Lioness Associates, Inc.

Economic & Corporate Risk/Yield Reports

September 23, 2012 - Walter Energy 2012 Risk/Yield Update

The last write-up on April 15, 2012 (below) indicated this company was moving into a "yield area" which had some potential for an uptick.  As it turns out, May had some downtrends both on the global front (see updated GLOBAL graphs) and in the energy market specifically with coal used for electricity.  Both of these factors negated any potential that this company may have had in the May period.

This write-up includes the new version of the graphs (updated algorithms).  The graphs indicate a slow movement towards equilibrium (0 point) for this year.

The USA economy (
see USA economy) is likely to trend better for a short while before the presidential elections and this could "lift all boats" including this one.    

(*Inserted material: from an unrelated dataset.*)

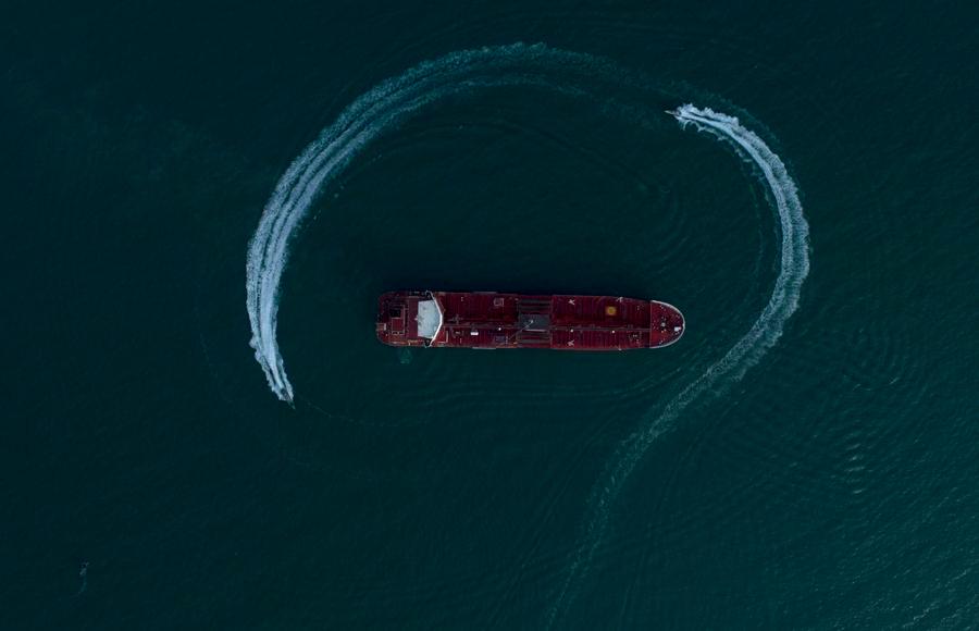 The photo released on July 21, 2019 shows the British oil tanker "Stena Impero" surrounded by speedboats of Iran's Islamic Revolution Guard Corps (IRGC) in the Strait of Hormuz, Iran. (Photo: Xinhua)

April 15, 2012  -- Walter Energy Risk/Yield 2012

Walter Energy is one of the companies that we keep on coming back to time and time again.  This company's chart was one of the first that had indications that commodities were moving towards a fall "off a cliff" in 2008 (see the 2008 charts for Walter Energy).  We also covered Walter Energy in February of 2011 (see MJ's New & Noteworthy) shortly before the spring flooding of that year and one of the problems identified at that time was the means of transporting their product to their customers from the facilities concentrated in one geographical area. From last checks, their operations in this part of the country would use either rails or rivers to transport coal to ports for shipping to customers.  As a note, last April also saw the tornado outbreak in Alabama. With their integration of the Canadian acquisition, their products are now more resilient to geographical or weather related problems. Refer to article about cost increases in 2011 due to weather and geology related issues.

The astrological configuration for Walter Energy shows significant "yield" momentum for the late spring/early summer of 2012. The earnings for this company are likely due around the May 2012 period and could explain the "yield" surge.  Also, the USA economy graph (located on home page) does indicate a uptick in the USA economy later in the 2012 year and with that information, it would not be surprising to have increased shipments of coal for steel production occurring earlier in the year.

Another factor that could explain a possible stock price jump is that coal producing companies have all been linked into the same "kettle" and yet, there are distinct types of coal used for different purposes - one type of coal is used to generate electricity while yet another is used to fire plants that make steel.  The coal that is used to make electricity might be substituted by natural gas (refer to article - Exxon sees natural gas  replacing coal as the leading fuel to generate electricity by 2025).  The coal that is used for making steel cannot be totally replaced by natural gas (refer to article stating that up to 10% of coal could be replaced by natural gas). 

This company might be one to watch as it moves closer to earnings.

       Walter Energy Delta Core/Transient 2012 Graph

       Walter Energy Risk/Yield 2012 graph

Disclosure as of 4/15/2012 - Walter Energy (WLT) is not part of our portfolio at this time.
Disclosure as of 4/26/2012 - Walter Energy (WLT) has been added to our portfolio as of today.